▶ **ABOUT THIS EXERCISE**: Filter the records, keeping every line that has the string "while".

▶ **WORKING DATA**:
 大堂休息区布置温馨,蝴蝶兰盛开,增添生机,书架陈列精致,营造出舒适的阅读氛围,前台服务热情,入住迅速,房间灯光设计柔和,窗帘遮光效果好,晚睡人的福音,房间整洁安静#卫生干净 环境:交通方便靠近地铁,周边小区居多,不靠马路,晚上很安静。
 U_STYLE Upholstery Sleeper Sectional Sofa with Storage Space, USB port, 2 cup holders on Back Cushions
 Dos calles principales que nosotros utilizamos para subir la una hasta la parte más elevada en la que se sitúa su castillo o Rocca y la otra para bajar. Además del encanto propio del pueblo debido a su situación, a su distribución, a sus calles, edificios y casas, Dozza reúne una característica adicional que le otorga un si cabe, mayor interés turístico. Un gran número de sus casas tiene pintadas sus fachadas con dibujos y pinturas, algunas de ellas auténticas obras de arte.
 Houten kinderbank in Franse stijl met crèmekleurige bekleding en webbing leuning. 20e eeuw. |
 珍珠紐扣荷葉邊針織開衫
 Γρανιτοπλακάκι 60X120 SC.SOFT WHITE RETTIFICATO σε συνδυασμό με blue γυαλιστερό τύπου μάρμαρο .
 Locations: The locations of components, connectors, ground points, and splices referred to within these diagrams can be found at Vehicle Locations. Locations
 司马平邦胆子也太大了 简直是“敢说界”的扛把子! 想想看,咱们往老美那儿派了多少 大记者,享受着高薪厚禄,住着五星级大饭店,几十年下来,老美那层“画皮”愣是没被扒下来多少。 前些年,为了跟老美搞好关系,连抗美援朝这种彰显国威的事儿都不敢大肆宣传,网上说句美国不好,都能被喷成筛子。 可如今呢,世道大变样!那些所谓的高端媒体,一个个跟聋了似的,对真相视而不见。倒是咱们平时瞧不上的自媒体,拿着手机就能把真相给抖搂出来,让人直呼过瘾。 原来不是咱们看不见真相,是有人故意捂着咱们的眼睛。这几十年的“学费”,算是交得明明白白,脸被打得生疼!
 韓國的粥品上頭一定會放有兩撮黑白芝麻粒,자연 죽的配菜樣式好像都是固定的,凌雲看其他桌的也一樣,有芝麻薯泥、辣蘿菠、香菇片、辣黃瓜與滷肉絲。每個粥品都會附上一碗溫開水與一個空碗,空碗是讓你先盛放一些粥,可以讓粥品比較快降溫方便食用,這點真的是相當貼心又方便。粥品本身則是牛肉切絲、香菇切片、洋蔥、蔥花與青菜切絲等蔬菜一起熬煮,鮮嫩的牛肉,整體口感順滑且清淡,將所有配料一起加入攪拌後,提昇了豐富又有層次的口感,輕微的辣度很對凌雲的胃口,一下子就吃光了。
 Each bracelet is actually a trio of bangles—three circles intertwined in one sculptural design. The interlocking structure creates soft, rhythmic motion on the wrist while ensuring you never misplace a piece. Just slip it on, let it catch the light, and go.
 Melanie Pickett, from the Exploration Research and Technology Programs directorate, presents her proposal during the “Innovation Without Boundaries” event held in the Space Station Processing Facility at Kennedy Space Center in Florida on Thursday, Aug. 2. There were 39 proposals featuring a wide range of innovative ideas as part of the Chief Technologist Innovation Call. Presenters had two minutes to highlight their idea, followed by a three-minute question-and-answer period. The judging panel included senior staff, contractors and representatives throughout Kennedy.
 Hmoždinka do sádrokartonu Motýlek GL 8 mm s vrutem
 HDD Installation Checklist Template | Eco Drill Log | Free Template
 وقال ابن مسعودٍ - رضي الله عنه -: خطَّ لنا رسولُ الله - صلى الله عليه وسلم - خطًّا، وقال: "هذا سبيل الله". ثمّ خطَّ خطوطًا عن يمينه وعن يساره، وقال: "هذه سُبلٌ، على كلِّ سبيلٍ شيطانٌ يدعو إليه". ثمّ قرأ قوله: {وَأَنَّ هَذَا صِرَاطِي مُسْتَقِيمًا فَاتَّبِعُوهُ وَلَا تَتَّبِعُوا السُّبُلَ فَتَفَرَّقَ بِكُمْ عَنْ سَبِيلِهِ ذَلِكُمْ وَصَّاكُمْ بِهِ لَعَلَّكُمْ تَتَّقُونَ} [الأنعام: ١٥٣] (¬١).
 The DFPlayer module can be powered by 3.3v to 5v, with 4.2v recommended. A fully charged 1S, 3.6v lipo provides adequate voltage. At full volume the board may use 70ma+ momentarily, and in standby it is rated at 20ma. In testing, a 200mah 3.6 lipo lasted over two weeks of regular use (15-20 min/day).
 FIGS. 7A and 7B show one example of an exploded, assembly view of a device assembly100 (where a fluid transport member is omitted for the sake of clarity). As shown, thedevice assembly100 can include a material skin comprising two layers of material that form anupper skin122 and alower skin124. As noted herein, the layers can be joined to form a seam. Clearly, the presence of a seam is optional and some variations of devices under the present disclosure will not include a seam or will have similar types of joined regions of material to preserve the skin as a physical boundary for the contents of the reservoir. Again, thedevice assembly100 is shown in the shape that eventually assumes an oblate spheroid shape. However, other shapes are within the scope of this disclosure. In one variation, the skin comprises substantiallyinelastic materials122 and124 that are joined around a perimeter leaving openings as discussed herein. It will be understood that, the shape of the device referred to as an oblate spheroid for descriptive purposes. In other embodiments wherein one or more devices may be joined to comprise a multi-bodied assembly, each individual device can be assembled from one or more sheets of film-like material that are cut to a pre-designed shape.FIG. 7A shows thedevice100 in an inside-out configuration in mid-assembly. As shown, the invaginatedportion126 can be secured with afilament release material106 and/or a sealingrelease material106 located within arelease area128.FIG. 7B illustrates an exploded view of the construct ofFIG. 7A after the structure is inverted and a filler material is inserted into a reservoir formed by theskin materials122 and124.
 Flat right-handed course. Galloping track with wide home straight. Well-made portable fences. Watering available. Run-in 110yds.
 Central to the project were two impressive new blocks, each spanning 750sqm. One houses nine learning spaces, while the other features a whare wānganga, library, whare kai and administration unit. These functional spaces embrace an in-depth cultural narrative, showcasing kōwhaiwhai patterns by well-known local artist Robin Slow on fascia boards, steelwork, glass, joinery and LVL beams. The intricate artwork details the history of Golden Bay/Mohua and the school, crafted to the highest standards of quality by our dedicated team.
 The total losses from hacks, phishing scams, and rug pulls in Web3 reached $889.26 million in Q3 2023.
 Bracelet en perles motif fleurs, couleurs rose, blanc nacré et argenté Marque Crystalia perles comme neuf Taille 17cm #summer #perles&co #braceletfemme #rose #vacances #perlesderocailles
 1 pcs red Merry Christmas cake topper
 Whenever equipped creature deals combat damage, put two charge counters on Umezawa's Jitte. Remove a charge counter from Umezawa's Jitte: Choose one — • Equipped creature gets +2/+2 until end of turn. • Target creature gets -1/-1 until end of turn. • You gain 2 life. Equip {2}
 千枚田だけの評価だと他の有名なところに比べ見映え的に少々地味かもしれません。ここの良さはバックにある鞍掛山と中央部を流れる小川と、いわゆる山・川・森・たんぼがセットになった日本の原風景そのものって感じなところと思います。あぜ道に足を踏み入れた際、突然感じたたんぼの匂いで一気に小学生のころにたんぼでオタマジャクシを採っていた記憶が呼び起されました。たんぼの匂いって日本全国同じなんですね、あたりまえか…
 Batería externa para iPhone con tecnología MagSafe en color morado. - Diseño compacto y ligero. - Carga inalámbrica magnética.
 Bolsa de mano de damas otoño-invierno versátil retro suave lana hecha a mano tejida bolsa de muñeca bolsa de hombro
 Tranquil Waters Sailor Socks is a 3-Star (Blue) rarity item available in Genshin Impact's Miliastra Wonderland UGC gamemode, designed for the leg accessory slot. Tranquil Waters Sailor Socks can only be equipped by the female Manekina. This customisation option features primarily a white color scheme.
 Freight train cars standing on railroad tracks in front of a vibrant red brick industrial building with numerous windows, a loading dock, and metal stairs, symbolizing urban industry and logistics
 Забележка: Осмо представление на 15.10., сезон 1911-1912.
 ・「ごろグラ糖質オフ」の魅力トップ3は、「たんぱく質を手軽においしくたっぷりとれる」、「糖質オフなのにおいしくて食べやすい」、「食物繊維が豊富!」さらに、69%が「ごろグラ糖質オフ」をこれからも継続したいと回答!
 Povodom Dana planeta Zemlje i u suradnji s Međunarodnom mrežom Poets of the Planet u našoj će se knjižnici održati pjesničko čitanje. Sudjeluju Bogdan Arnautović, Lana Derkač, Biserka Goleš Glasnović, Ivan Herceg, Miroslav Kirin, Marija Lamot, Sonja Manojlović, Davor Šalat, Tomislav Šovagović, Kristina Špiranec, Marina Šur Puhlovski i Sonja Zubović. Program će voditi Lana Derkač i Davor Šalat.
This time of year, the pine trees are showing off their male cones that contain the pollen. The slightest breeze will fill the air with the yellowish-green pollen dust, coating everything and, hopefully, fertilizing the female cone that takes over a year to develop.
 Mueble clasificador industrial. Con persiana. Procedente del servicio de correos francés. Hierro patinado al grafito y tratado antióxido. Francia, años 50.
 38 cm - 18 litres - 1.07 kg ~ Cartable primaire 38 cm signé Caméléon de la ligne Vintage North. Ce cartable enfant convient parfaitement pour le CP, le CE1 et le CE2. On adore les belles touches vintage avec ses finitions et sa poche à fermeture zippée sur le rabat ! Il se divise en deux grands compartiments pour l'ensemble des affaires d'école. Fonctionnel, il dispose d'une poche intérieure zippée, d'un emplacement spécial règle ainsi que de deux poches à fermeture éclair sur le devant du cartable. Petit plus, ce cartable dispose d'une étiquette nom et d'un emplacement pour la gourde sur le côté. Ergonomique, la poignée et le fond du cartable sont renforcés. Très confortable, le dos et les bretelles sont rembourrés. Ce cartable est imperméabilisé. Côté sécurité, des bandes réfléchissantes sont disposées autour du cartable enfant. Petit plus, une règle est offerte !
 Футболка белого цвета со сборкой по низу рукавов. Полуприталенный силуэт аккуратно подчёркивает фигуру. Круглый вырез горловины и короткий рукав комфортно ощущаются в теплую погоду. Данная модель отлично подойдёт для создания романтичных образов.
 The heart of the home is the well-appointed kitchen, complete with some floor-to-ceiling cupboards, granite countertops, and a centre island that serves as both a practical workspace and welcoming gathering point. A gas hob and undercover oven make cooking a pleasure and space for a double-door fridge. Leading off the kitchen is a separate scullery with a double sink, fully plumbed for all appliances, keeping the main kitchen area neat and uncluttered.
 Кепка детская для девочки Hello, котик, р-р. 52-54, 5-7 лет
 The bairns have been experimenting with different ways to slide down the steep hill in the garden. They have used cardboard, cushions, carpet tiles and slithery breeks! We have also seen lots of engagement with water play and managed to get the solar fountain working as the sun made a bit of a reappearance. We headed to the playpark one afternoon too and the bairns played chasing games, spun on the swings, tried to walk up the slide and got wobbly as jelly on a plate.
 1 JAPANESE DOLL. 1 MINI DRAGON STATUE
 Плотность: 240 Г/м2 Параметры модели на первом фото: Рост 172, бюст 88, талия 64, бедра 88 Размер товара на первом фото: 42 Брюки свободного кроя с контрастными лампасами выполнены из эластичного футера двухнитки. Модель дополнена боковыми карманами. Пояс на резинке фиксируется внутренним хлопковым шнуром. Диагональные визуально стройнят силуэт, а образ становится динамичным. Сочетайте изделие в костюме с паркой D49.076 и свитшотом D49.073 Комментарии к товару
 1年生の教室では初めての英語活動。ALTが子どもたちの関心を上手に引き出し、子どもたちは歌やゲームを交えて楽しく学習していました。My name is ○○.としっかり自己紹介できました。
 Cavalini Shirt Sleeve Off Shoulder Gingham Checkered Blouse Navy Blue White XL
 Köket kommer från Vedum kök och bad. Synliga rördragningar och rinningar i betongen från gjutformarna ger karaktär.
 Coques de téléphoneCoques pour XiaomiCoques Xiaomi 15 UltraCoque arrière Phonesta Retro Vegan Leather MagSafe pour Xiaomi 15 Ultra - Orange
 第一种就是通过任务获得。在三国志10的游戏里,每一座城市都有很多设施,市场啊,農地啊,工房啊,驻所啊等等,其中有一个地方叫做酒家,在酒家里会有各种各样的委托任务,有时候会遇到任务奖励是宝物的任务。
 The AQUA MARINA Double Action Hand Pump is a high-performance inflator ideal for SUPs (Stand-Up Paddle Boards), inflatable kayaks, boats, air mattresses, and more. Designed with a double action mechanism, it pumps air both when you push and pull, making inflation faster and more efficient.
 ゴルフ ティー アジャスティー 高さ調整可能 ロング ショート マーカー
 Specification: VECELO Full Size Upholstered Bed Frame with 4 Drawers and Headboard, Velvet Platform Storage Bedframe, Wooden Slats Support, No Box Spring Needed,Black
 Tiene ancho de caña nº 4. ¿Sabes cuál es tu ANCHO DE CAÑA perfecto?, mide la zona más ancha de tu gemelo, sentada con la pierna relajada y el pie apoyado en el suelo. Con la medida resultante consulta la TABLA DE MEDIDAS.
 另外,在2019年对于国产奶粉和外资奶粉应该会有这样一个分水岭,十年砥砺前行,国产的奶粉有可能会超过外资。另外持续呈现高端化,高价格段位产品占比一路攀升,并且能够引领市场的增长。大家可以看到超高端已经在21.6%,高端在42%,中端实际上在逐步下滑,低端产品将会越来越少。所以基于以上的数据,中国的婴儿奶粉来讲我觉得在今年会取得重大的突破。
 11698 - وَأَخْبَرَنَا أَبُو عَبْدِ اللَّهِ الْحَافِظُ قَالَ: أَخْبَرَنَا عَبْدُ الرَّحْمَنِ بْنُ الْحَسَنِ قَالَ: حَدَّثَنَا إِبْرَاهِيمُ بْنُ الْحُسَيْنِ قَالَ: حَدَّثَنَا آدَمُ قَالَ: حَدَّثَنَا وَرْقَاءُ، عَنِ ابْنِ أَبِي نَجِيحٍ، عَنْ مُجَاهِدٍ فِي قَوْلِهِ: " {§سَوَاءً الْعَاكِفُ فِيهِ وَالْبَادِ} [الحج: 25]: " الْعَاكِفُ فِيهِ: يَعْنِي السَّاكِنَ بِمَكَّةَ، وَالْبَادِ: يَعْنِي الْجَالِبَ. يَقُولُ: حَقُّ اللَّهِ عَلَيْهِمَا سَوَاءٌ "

▶ **OUTPUT FOR THIS TASK**:
 Each bracelet is actually a trio of bangles—three circles intertwined in one sculptural design. The interlocking structure creates soft, rhythmic motion on the wrist while ensuring you never misplace a piece. Just slip it on, let it catch the light, and go.
 Central to the project were two impressive new blocks, each spanning 750sqm. One houses nine learning spaces, while the other features a whare wānganga, library, whare kai and administration unit. These functional spaces embrace an in-depth cultural narrative, showcasing kōwhaiwhai patterns by well-known local artist Robin Slow on fascia boards, steelwork, glass, joinery and LVL beams. The intricate artwork details the history of Golden Bay/Mohua and the school, crafted to the highest standards of quality by our dedicated team.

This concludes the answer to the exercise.